Oil and stock indexes (such as the TSX Composite) are gauges that can be used for picking individual stocks. Since certain stocks will perform better than these benchmarks and other stocks will perform worse, we want to find the ones which show the most promise. This is done by comparing the price action of individual stocks to oil and stock indexes.

Oil and stock indexes are highly correlated (move with each other) over the last decade. This was not always the case, pre-1999 oil and stock indexes had a very tenuous correlation, often moving inversely. By using both oil and stock indexes we can improve our chances of picking quality stocks.

What I like to see when oil and the TSX Comp are falling is an individual stock that has sold off, but is no longer dropping. If it is no longer falling as oil and overall stock market continue to fall it is a good sign. This phenomenon is known as "relative strength."

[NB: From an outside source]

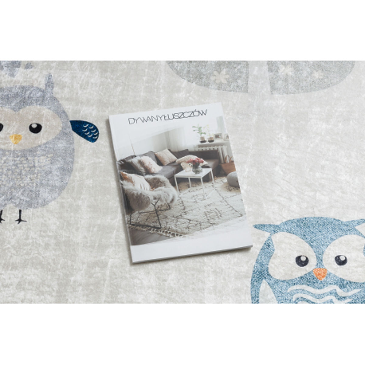 Rutschfester Kinderteppich mit Eulenmotiv in Grau. .. mehr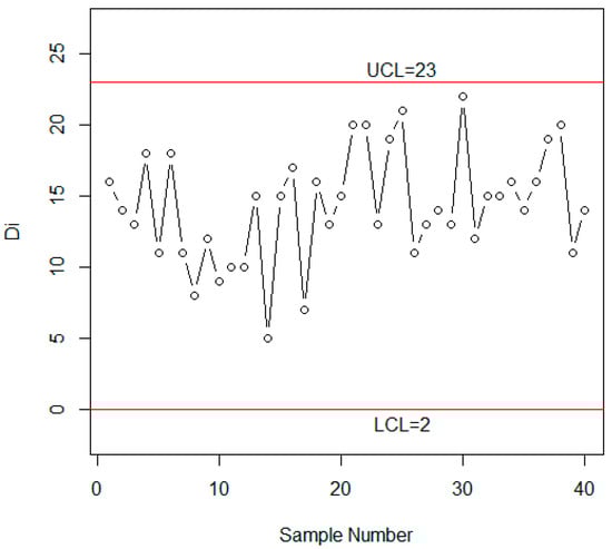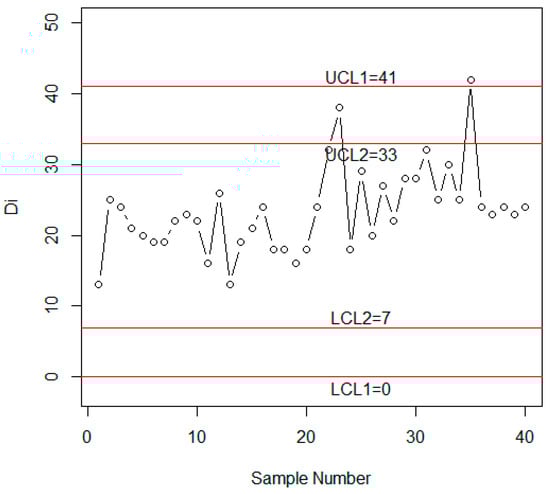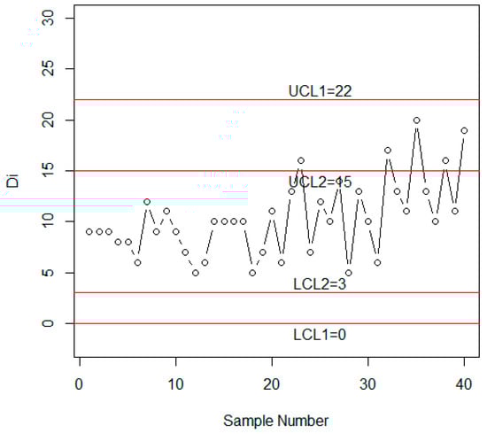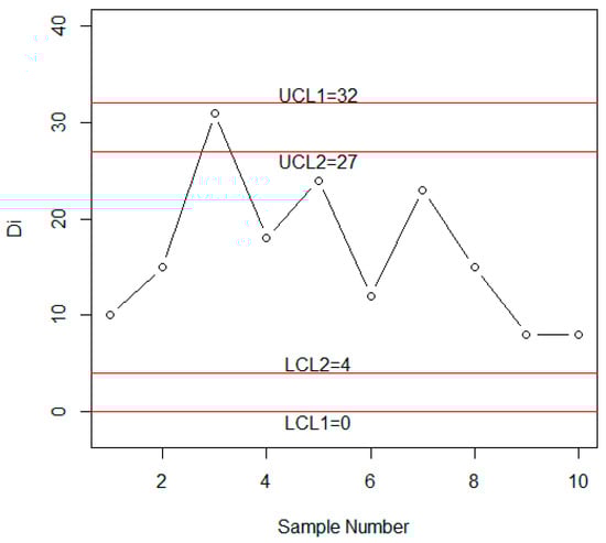Now the application of the proposed control is given on real data from the plastic parts manufacturing industry. According to [] “a control chart is used to control the fraction nonconforming for a plastic part manufactured in an injection molding process”. Ten subgroups each of size 100 are taken from []. The number of non-confirming data is:  = 10, 15, 31, 18, 24, 12, 23, 15, 8 and 8 being noted down and presented here. Figure 5 shows the control chart with k1 = 4.340957 and k2 = 3.092937, and the control chart limits are calculated as LCL1 = 0, LCL2 = 4, UCL2 = 27, and UCL1 = 32. From Figure 5, it can be noted that although the process is in a state of control, the 3rd, 9th and 10th sample are near the control limits, which may cause the shift in the process.

Here is a recent example: Canadian Energy Services (CEU.TO) has performed better—in percentage terms—than oil and the TSX Composite over the last year. Recently when the oil and stocks declined rapidly in early August, CEU.TO sold off as well. The interesting thing is that while the TSX and oil made new lows for the year, CEU.TO did not even make it to the low it saw in June.

Figure 3 shows this visually. CEU.TO is the green and red bars, oil is the purple line and the TSX is the yellow line.

Oil, Investing, Keith Schaefer

Figure 3 shows an example of the type of action we are looking for. By finding stocks with similar patterns over the long-term, positions can be taken for when equities and oil begin to trend higher once again. That trend may be some months away as there exists the potential that stocks and oil continue to move lower over the next several months.

CEU.TO is a short-term example, but as the stock market and oil continue to decline (in my opinion) what are we looking for down the road? In the 2008 decline CPG.TO showed great strength as oil and the TSX Comp continually made new lows. Figure 4 shows CPG (red and green bars) versus TSX (yellow line) and Oil (purple line).

Oil, Investing, Keith Schaefer

CPG made lows in early December of 2008 (circle labeled "1") and oil and stocks continued to decline into February and March respectively. The fact CPG would not go lower as these two benchmarks went lower was a signal to buy the stock.

Be afraid of stocks that have been hit and hard and continue to fall. Love stocks that have fallen and stopped falling as oil and the broader market continue to decline. This shows selling is exhausted and any positive news or push higher in oil prices, stocks or the sector will raise the price of the stock.

Disclosure: CEU is an OGIB stock and Keith Schaefer owns shares.